Sony Mobile offers two wearable tech devices that have fitness tracker features: the Smartband SWR10 and the Smartband Talk SWR30.
The SWR10 will track your steps, distance, exercise duration, calorie burning and sleep, as well as let you control music from the device. Since it’s made to fully integrate with your Android smartphone, it will also alert you to text messages, emails and social media updates with a small vibration (it doesn’t have a display screen.) It also features a Smart Alarm, which tracks your body movements and wakes you up at a time that is optimal for your sleep cycle. The SWR10 costs about $79.99. The more advanced Talk will enable you to – you guessed it – talk. You can make and receive calls with the loudspeaker built into the wristband, as well as record voice memos for yourself and use the voice command feature for easy control. It will cost you much more, though: it’s priced at $210.

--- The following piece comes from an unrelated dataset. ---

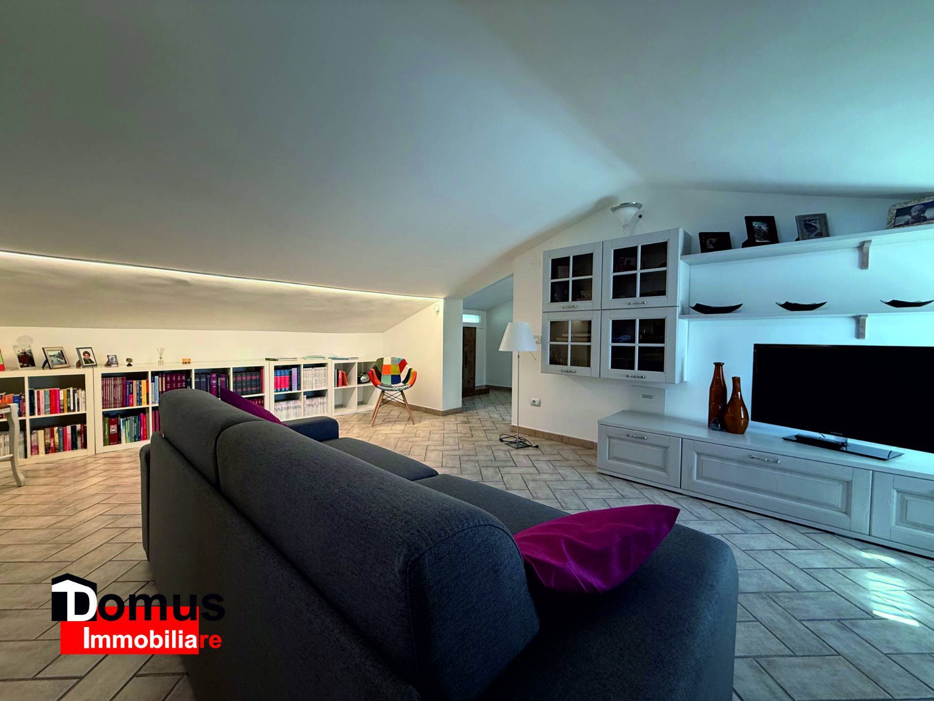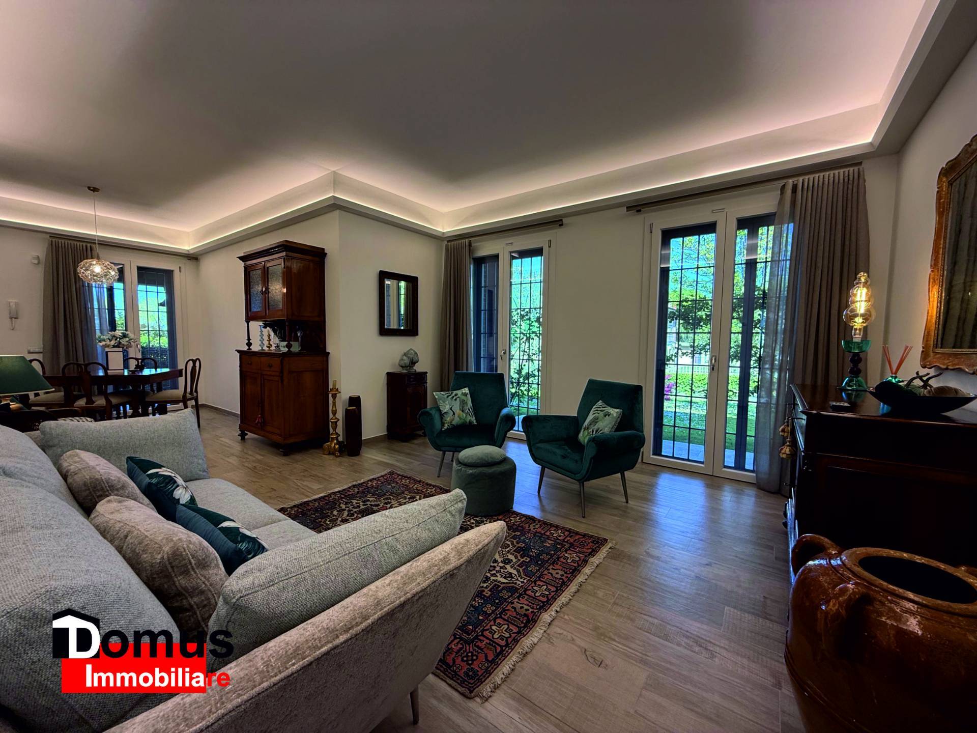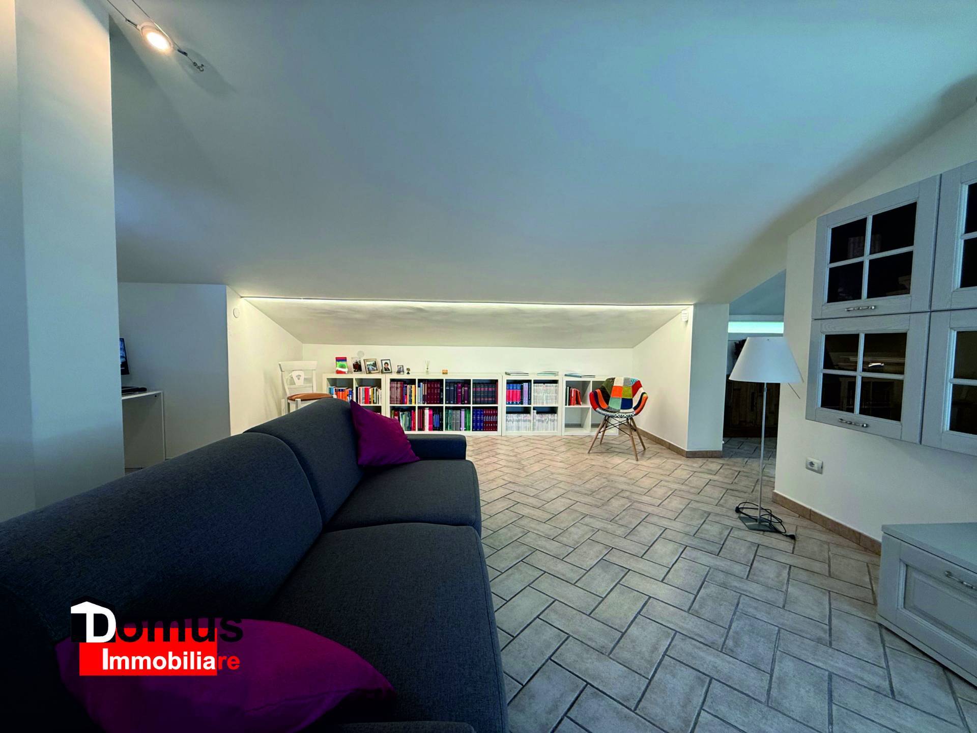 Disposto su tre livelli l'immobile è composto da ampio ingresso, spazioso salone articolato in diversi ambienti, tutti con affaccio sul giardino e sul porticato adiacente, cucina abitabile con office/ambiente di servizio lavanderia e balcone; il disimpegno notte padronale permette di accedere ad una tranquilla camera matrimoniale con guardaroba e bagno; al livello superiore ampia e luminosa mansarda utilizzabile come camera da letto o studio, alla quale sono abbinati bagno con doccia ed ampi ripostigli.

Sony Mobile’s devices are well-designed, but the hallmark of its fitness tracker technology is the Lifelog app. Similar to other fitness tracker apps, Lifelog offers features for setting goals, monitoring progress and beating personal bests. But Lifelog stands above the competition with its additional feature: 360 life tracking. Lifelog analyzes both the data from your Smartband and your cell phone activity to present you with a digital record of your life. It can tell you where you went, who you talked to, what pictures you took and what music you listened to. Have a big event planned, or want to remember all the details of a particular moment? Hit the Bookmark key and Lifelog will remember the date, time and even the weather. Lifelog can help you assess whether you’d like to spend more time reading, spend less time browsing Tumblr or take more pictures the next time you go on vacation – and, even though they aren’t fitness-oriented, you can add items like this into your goals section to keep yourself accountable and chart your progress.
Sony Mobile’s Smart brands and the Lifelog app are only compatible with Android devices; if you’re an Apple owner, you’re out of luck.
The Lifelog app design seems to be a little inconsistent: some sections show data with colorful charts and vivid graphics, others are plain and grey. Lifelog also won’t integrate with any other fitness, weight loss or social media apps the way many other fitness tracker apps do. Given that Lifelog tracks share-friendly data like music, reading, photos and games, we’re surprised that it doesn’t offer the option to integrate with social media – this seems to be an obvious missed opportunity, as it would increase the appeal of the app for the more social fitness junkies, as well as make it attractive to a more widespread user base.